El 15 de abril de 1985, en el Caesars Palace de Las Vegas, el boxeo fue testigo de una de las noches más intensas que se recuerden. Marvin Hagler y Thomas Hearns no salieron a especular ni a medir distancia: salieron a marcar una época.
Aunque el combate apenas se extendió por tres asaltos, su impacto ha trascendido generaciones. No fue una pelea larga ni estratégica; fue una guerra directa, violenta y sin pausas que quedó grabada en la memoria colectiva del deporte.
¿Qué estaba en juego el 15 de abril de 1985?
Hagler defendía el campeonato indiscutido de peso medio tras años de dominio, mientras que Hearns subía de división con la intención de conquistar un nuevo título y demostrar que su poder no tenía límites.
La fecha no solo definía a un campeón, sino a un legado.
¿Por qué el primer asalto es considerado histórico?

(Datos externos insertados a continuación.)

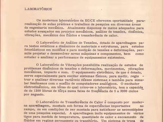 Seção referente à 'Engenharia Mecânica', incluindo o objetivo do programa, laboratórios e campos principais, no Catálogo oficial da Escola Graduada de Ciências e Engenharia (EGCE), 1968 - 1969.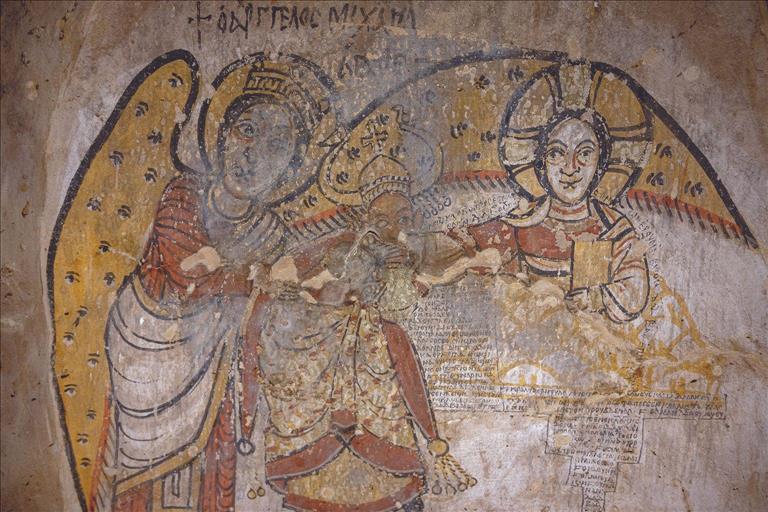 The wall painting portrays the archangel Gabriel embracing a royal figure who is himself kissing the hand of Jesus, emerging from a cloud.“When mortals are in contact with saints or Christ, especially in Late Antique art, the contact is not direct. Mortals hold a cloth or shawl through which the contact is maintained,” Obłuski says.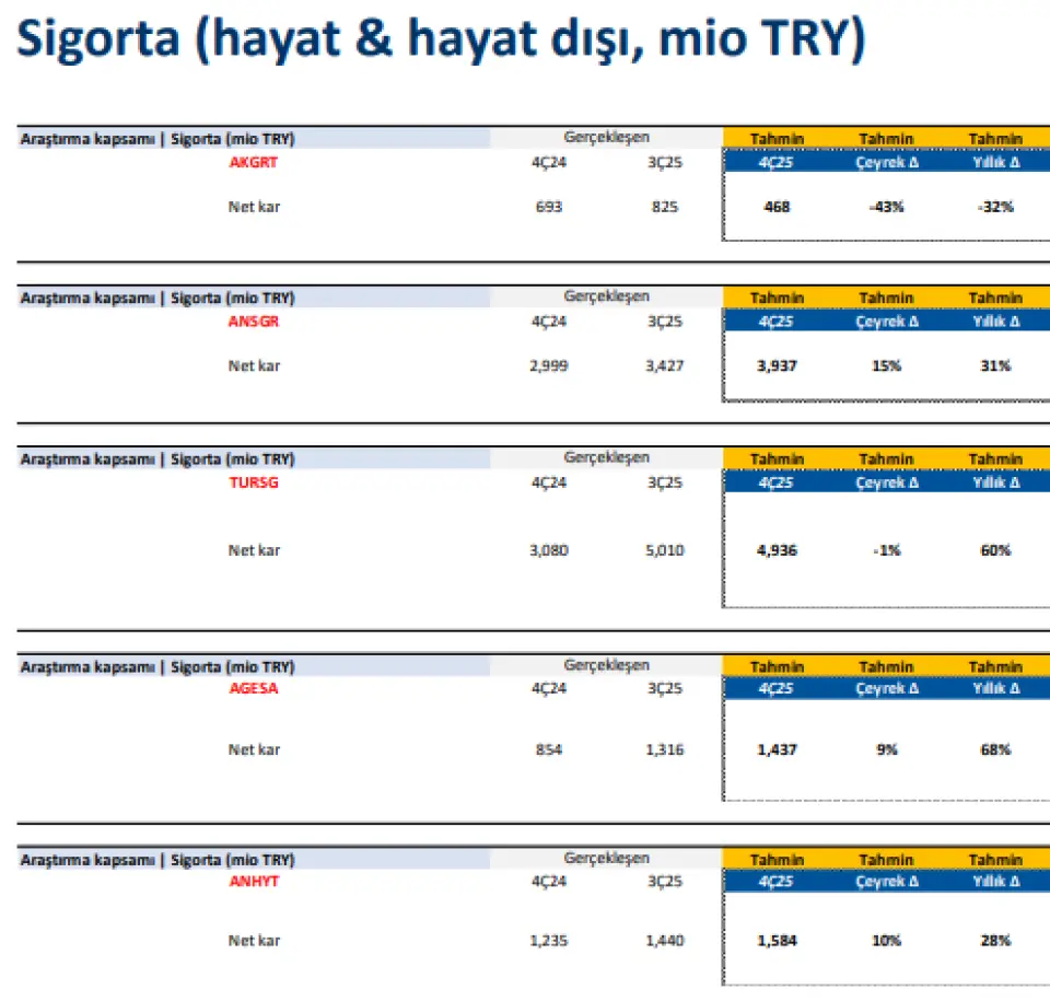 Halihazırda TURSG ve ANSGR tarafında yılbaşından bu yana güçlü prim üretim rakamları izlenirken, AKGRT cephesinde ise yılın ilk yarısında operasyonel kârlılığı artırma hedefi doğrultusunda daha temkinli üretim stratejisini takip etmiştik. 4Ç25’te geçen yılın aynı dönemine göre TURSG %46, ANSGR %30 ve AKGRT %16 prim üretimi ile karşımıza çıktı. Hayat dışı şirketlerde bu çeyrekte muallak tazminat karşılığından kaynaklanan net nakit akışlarının iskonto edilmesinde kullanılan oranın değiştirilmesi kaynaklı sınırlı olumsuz etki beklemekteyiz. ANSGR’nin çeyreklik ve yıllık bazda artış gösteren net kar rakamı ile pozitif ayrışmasını beklerken AKGRT tarafında karlılığın artan rekabete ek olarak vergi ve iskonto değişikliği ile baskılanmasını bekliyoruz.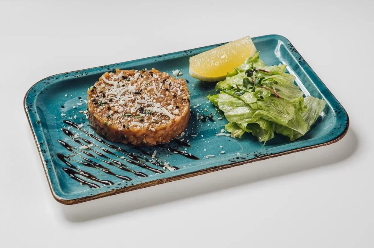 Тартар из лосося слабой солиЛосось слабой соли, лук репчатый, лук зеленый, салат айсберг, соус унаги, масло оливковое, лимон, семена кунжута, тёртый пармазанЦена: 590 рубВес:145 гр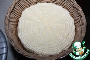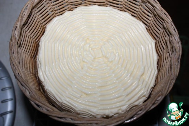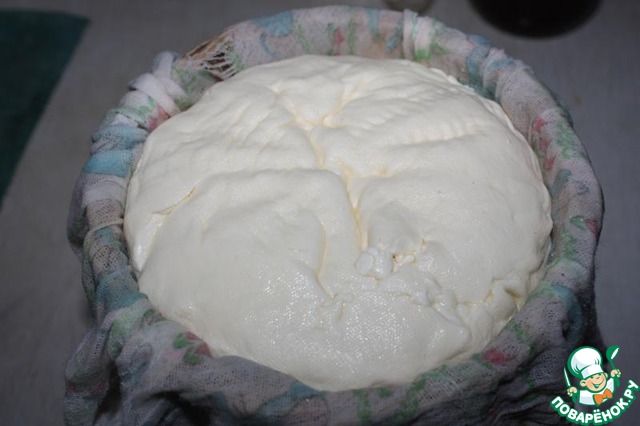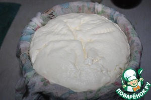 Выложить сырную массу в форму, выстеленную тканью. Лучше всего в качестве формы использовать корзинку. Тут я немного отступил от оригинального рецепта, чтобы сыр был классической толщины, надо было разложить по двум корзинкам, но я все впихнул в одну.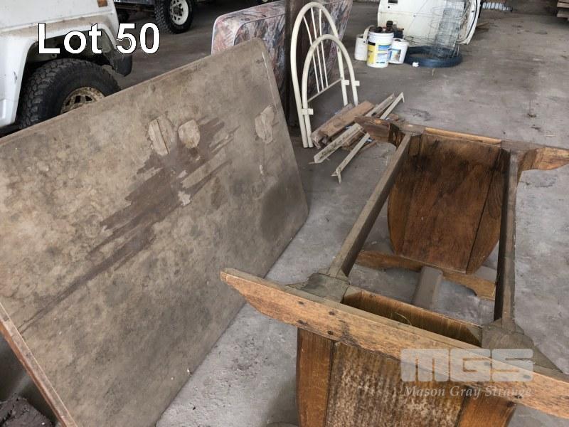 RUSTIC PICTURE FRAME, 2 x TABLES & COAT RACK, STEEL SINGLE BED & MATTRESS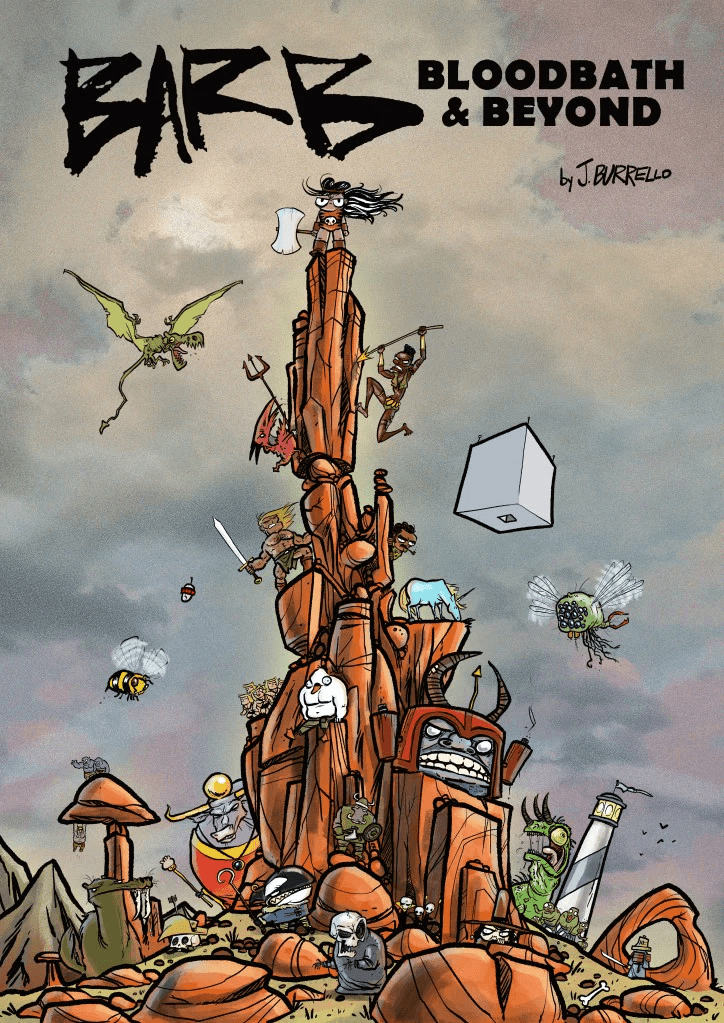 Barb’s violent adventures continue through hell and back and into interdimensional cow realms in Barb, Bloodbath & Beyond (2023). [Out of print.]

Desde la campanada inicial, Hearns lanzó golpes de poder buscando un nocaut temprano. Hagler respondió aceptando el intercambio frontal. Ese primer round, disputado en abril de 1985, es señalado por especialistas y aficionados como el mejor asalto en la historia del boxeo.
No hubo pausas, ni estudio, ni retrocesos.
¿Cómo se resolvió la pelea aquella noche en Las Vegas?
El combate terminó en el tercer asalto, cuando Hagler conectó un derechazo que envió a Hearns a la lona, cerrando una noche que ya era histórica incluso antes del desenlace.
Con ese triunfo, Hagler consolidó su reinado y Hearns, pese a la derrota, reforzó su imagen de guerrero.